Re: behaviour change in getDirectoryContents in GHC 7.2?

2011-11-10 Thread John Millikin
On Thu, Nov 10, 2011 at 03:28, Simon Marlow marlo...@gmail.com wrote:
 I've done a search/replace and called it RawFilePath.  Ok?

Fantastic, thank you very much.

___
Glasgow-haskell-users mailing list
Glasgow-haskell-users@haskell.org
http://www.haskell.org/mailman/listinfo/glasgow-haskell-users


Re: behaviour change in getDirectoryContents in GHC 7.2?

2011-11-09 Thread John Millikin
On Wed, Nov 9, 2011 at 08:04, Simon Marlow marlo...@gmail.com wrote:
 Ok, I spent most of today adding ByteString alternatives for all of the
 functions in System.Posix that use FilePath or environment strings.  The
 Haddocks for my augmented unix package are here:

 http://community.haskell.org/~simonmar/unix-with-bytestring-extras/index.html

 In particular, the module System.Posix.ByteString is the whole System.Posix
 API but with ByteString FilePaths and environment strings:

 http://community.haskell.org/~simonmar/unix-with-bytestring-extras/System-Posix-ByteString.html

This looks lovely -- thank you.

Once it's released, I'll port all my libraries over to using it.

 It has one addition relative to System.Posix:

  getArgs :: IO [ByteString]

Thank you very much!
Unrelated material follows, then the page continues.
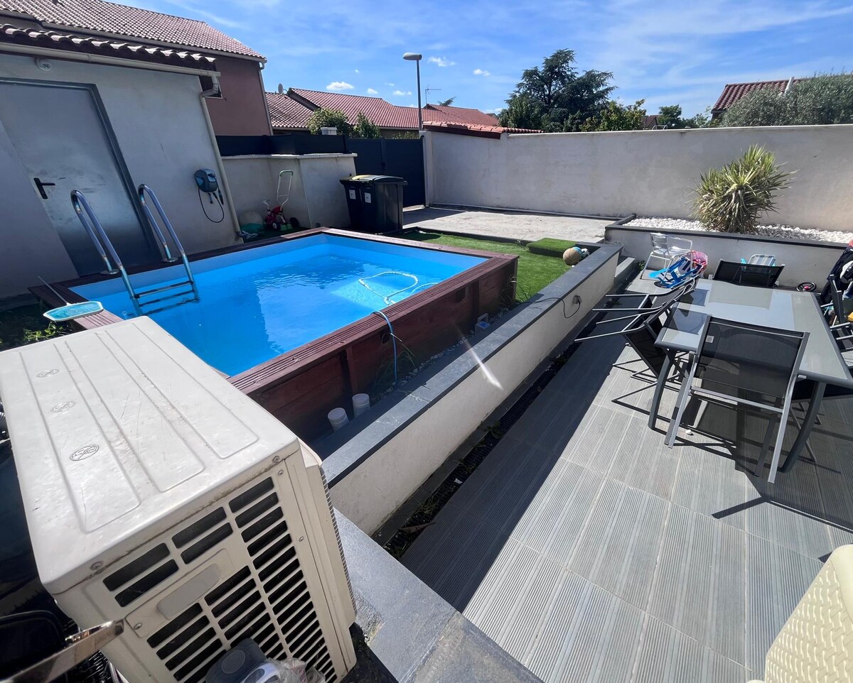 Au sein d'une propriété familiale Dauphinoise, une maison indépendante de 68m2 alliant le charme de l'ancien et du contemporain, entièrement équipée pour vous accueillir : jacuzzi 6 places, piscine, barbecue, terrasse indépendante, table de ping-pong et baby foot. Pièce de vie de 35m2 avec cuisine équipée + salon/salle à manger, TV, WIFI, machine à laver, sèche linge. Vous trouverez en plus : Nespresso, bouilloire, robot, crêpes-partie, presse agrumes, etc... La campagne a proximité de Lyon.

Several tools I use daily accept binary data as
command-line options, and this will make it much easier to port them
to Haskell in the future.

 Let me know what you think.  I suspect the main controversial aspect is that
 I included

  type FilePath = ByteString

 which is a bit cute but might be confusing.

Indeed, I was very confused when I saw that in the docs. If it's not
too much trouble, could those functions accept/return ByteString
directly?

___
Glasgow-haskell-users mailing list
Glasgow-haskell-users@haskell.org
http://www.haskell.org/mailman/listinfo/glasgow-haskell-users


Re: behaviour change in getDirectoryContents in GHC 7.2?

2011-11-08 Thread John Millikin
On Tue, Nov 8, 2011 at 03:04, Simon Marlow marlo...@gmail.com wrote:
 As mentioned earlier in the thread, this behavior is breaking things.
 Due to an implementation error, programs compiled with GHC 7.2 on
 POSIX systems cannot open files unless their paths also happen to be
 valid text according to their locale. It is very difficult to work
 around this error, because the paths-are-text logic was placed at a
 very low level in the library stack.

 So your objection is that there is a bug?  What if we fixed the bug?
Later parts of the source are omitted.